ASSIGNMENT
Reproduce only this stretch of the listing below: from the line with "Доступная среда: работает" through the line with "第六名:华侨城集团,2024", exactly as written, with pictures excluded.

=== DATA SHOWN ===

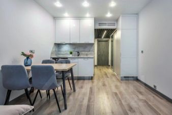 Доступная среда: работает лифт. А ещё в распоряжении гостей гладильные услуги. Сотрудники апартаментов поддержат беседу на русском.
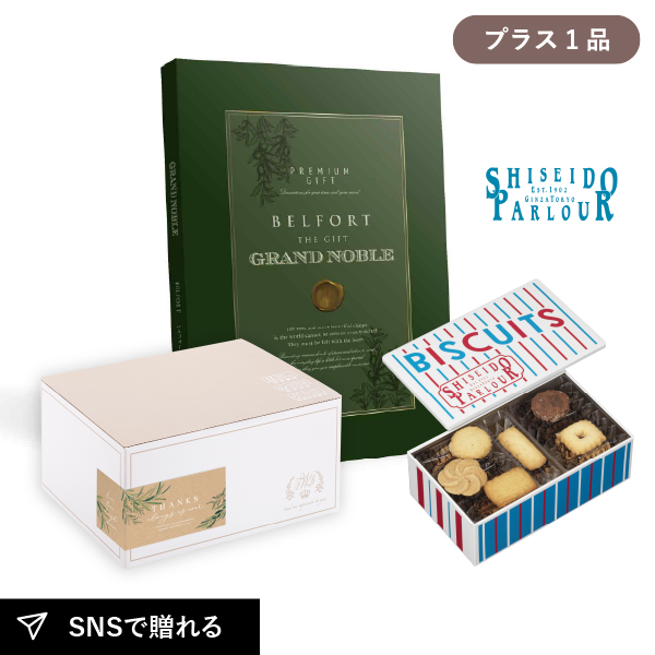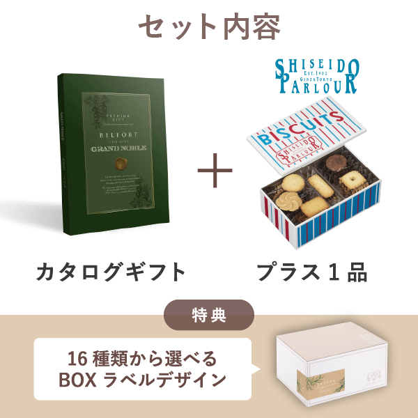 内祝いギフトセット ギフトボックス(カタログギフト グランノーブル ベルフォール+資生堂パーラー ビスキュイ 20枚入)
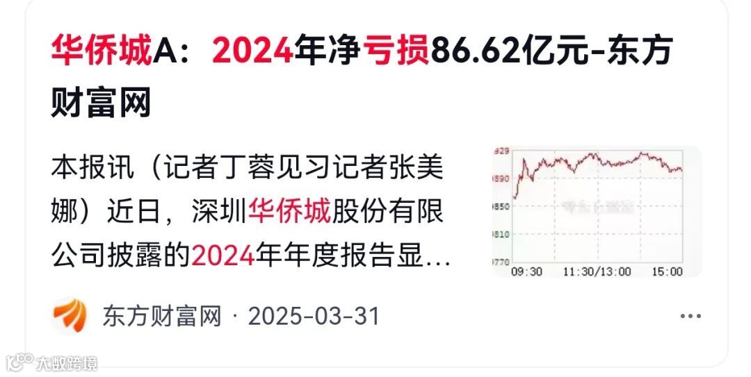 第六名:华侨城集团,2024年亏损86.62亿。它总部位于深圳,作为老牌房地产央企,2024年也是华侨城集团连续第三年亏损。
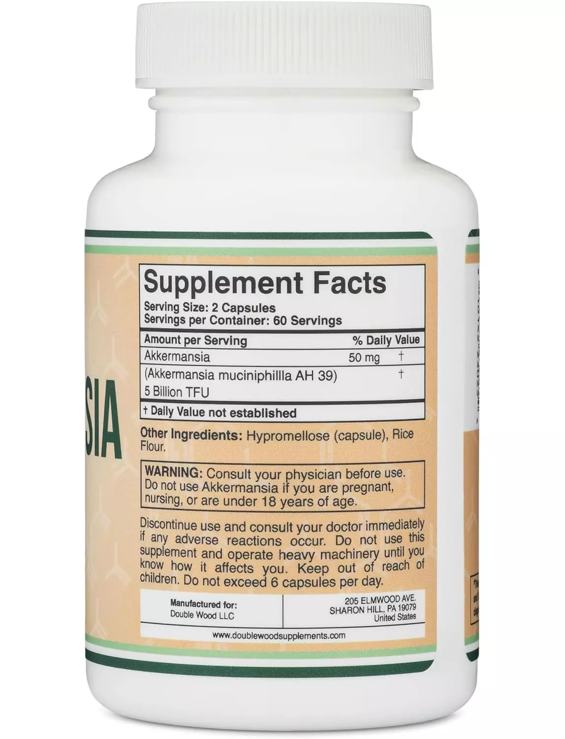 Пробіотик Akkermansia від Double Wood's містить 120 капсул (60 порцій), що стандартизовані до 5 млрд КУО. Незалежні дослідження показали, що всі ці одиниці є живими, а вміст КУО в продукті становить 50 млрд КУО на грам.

===
=== DATA SHOWN ===

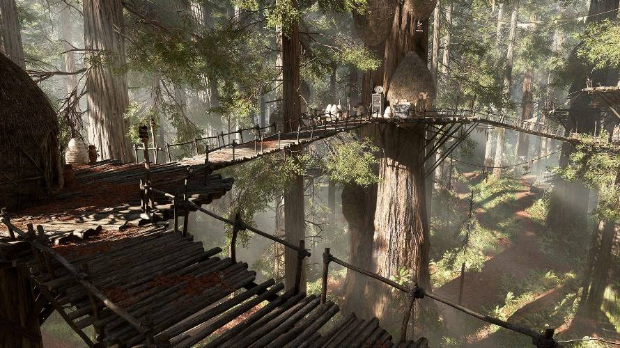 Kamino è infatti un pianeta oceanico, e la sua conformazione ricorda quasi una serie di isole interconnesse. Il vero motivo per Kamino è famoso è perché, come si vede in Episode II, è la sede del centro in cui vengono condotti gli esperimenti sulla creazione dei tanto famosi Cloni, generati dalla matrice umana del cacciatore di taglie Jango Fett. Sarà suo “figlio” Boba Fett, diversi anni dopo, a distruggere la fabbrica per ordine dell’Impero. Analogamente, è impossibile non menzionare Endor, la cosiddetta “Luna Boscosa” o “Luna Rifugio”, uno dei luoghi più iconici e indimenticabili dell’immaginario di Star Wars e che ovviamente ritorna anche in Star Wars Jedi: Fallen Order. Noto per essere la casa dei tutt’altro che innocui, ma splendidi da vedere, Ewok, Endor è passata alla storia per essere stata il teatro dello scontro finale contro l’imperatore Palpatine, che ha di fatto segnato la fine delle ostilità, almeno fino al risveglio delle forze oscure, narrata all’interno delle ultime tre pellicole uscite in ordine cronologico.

===
=== DATA SHOWN ===

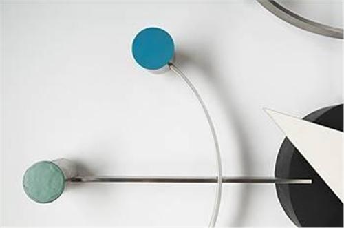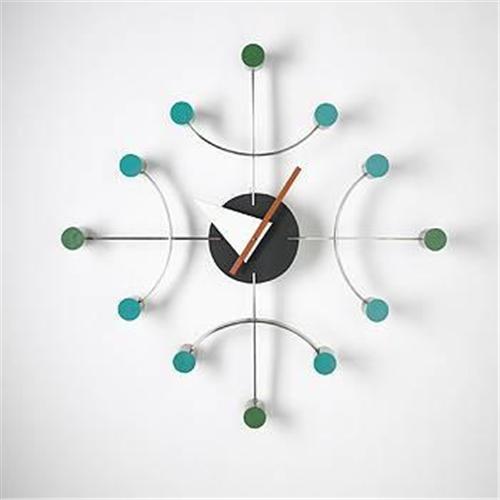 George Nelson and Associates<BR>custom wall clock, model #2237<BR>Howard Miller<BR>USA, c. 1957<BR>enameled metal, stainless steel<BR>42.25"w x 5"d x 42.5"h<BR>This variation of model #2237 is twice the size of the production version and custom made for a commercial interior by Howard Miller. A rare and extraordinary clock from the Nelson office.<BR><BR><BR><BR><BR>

===

RESPONSE BOX
 Доступная среда: работает лифт. А ещё в распоряжении гостей гладильные услуги. Сотрудники апартаментов поддержат беседу на русском.
 内祝いギフトセット ギフトボックス(カタログギフト グランノーブル ベルフォール+資生堂パーラー ビスキュイ 20枚入)
 第六名:华侨城集团,2024年亏损86.62亿。它总部位于深圳,作为老牌房地产央企,2024年也是华侨城集团连续第三年亏损。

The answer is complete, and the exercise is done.